Problem 21.79
The plates of a 3.2nF parallel-plate capacitor are each 0.25 m^2 in area.
Part A -
How far apart are the plates if there's air between them?
Express your answer using two significant figures.
=
Part B -
If the plates are separated by a Teflon sheet, how thick is the sheet?
Express your answer using two significant figures.

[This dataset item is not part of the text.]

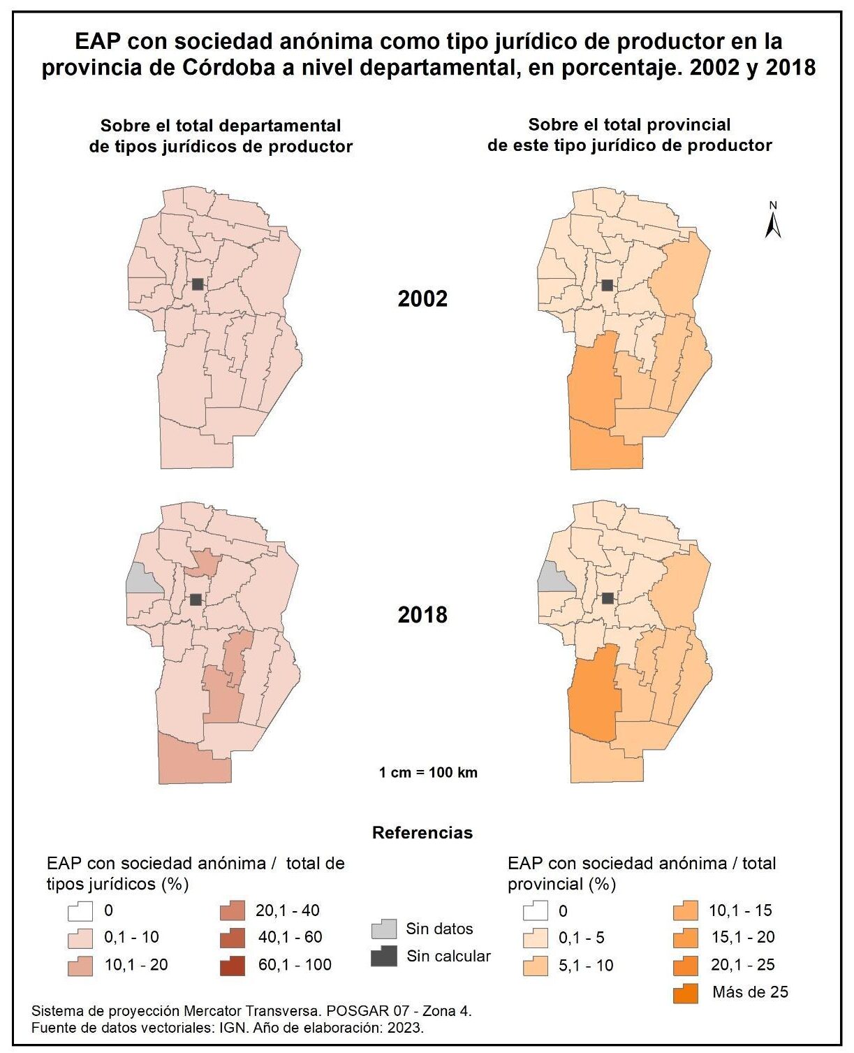 Figura 1.25. EAP con sociedad anónima como tipo jurídico de productor en la provincia de Córdoba a nivel departamental, en porcentaje. Años 2002 y 2018.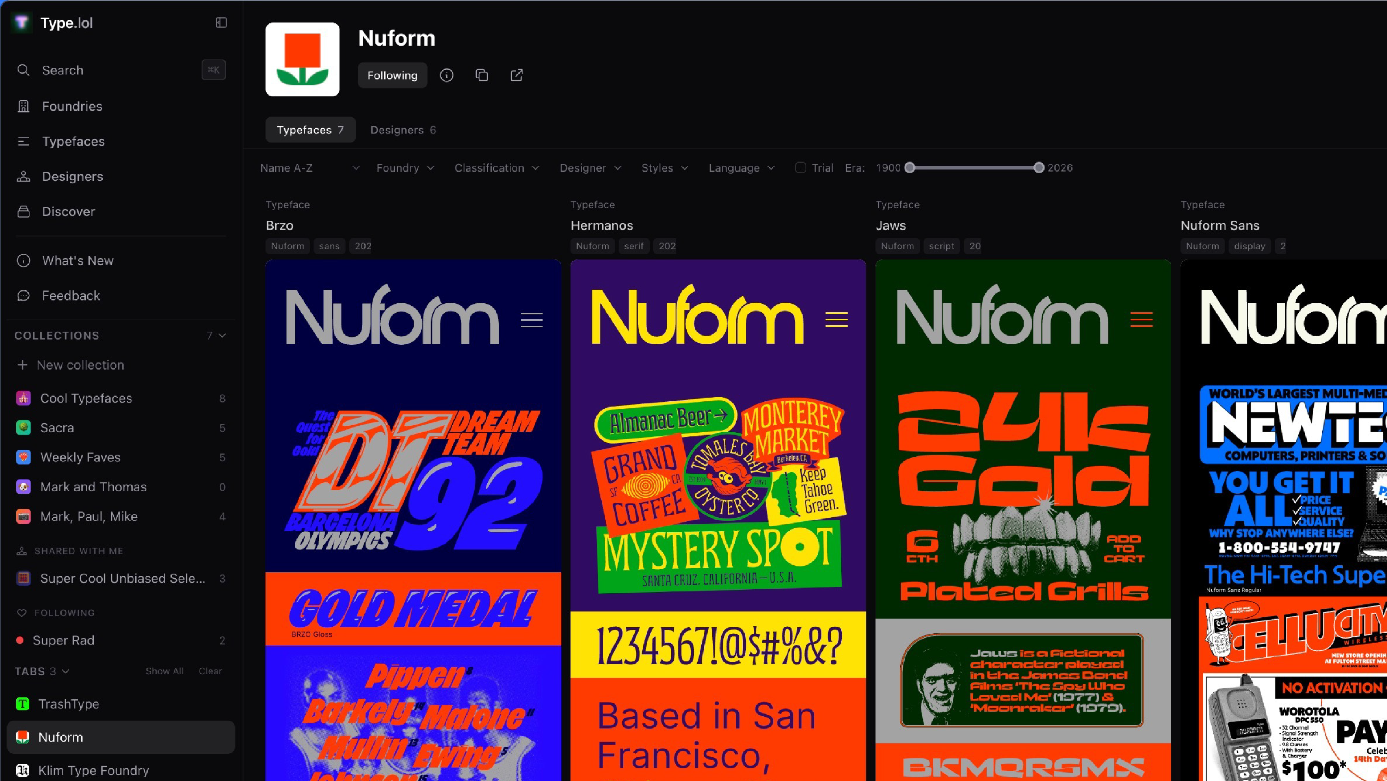 Mark describes Type.lol as “Spotify for Fonts” and once you spend some time with it, that comparison makes sense. This isn’t just a list of foundries with links, it’s a discovery platform that allows you to make your own playlists.

http://hyperphysics.phy-astr.gsu.edu/hbase/electric/pplate.html
To solve this problem, we need to use the formula for the capacitance of a parallel-plate capacitor:
C = (ε₀ * A) / d
where C is the capacitance, ε₀ is the permittivity of free space, A is the area of the plates, and d is the distance between the plates.
Given values:
C = 3.2 nF = 3.2 * 10^(-9) F
A = 0.25 m^2
Part A:
To find the distance between the plates when there's air between them, we can rearrange the formula as:
d = (ε₀ * A) / C
- First, we need to determine the value of ε₀, which is the permittivity of free space. It is a constant with a value of 8.85 x 10^(-12) F/m.
- Next, plug in the values into the formula:
d = (8.85 * 10^(-12) F/m * 0.25 m^2) / (3.2 * 10^(-9) F)
d ≈ 0.696 m
Therefore, the distance between the plates when there's air between them is approximately 0.696 meters.
Part B:
To find the thickness of the Teflon sheet when it is placed between the plates, we need to rearrange the formula again:
d = (ε * A) / C
- In this case, we need to find the value of ε, which is the permittivity of Teflon. The permittivity of Teflon is approximately 2.1 x 10^(-12) F/m.
- Plug in the values into the formula:
d = (2.1 * 10^(-12) F/m * 0.25 m^2) / (3.2 * 10^(-9) F)
d ≈ 0.0164 m
Therefore, the thickness of the Teflon sheet is approximately 0.0164 meters.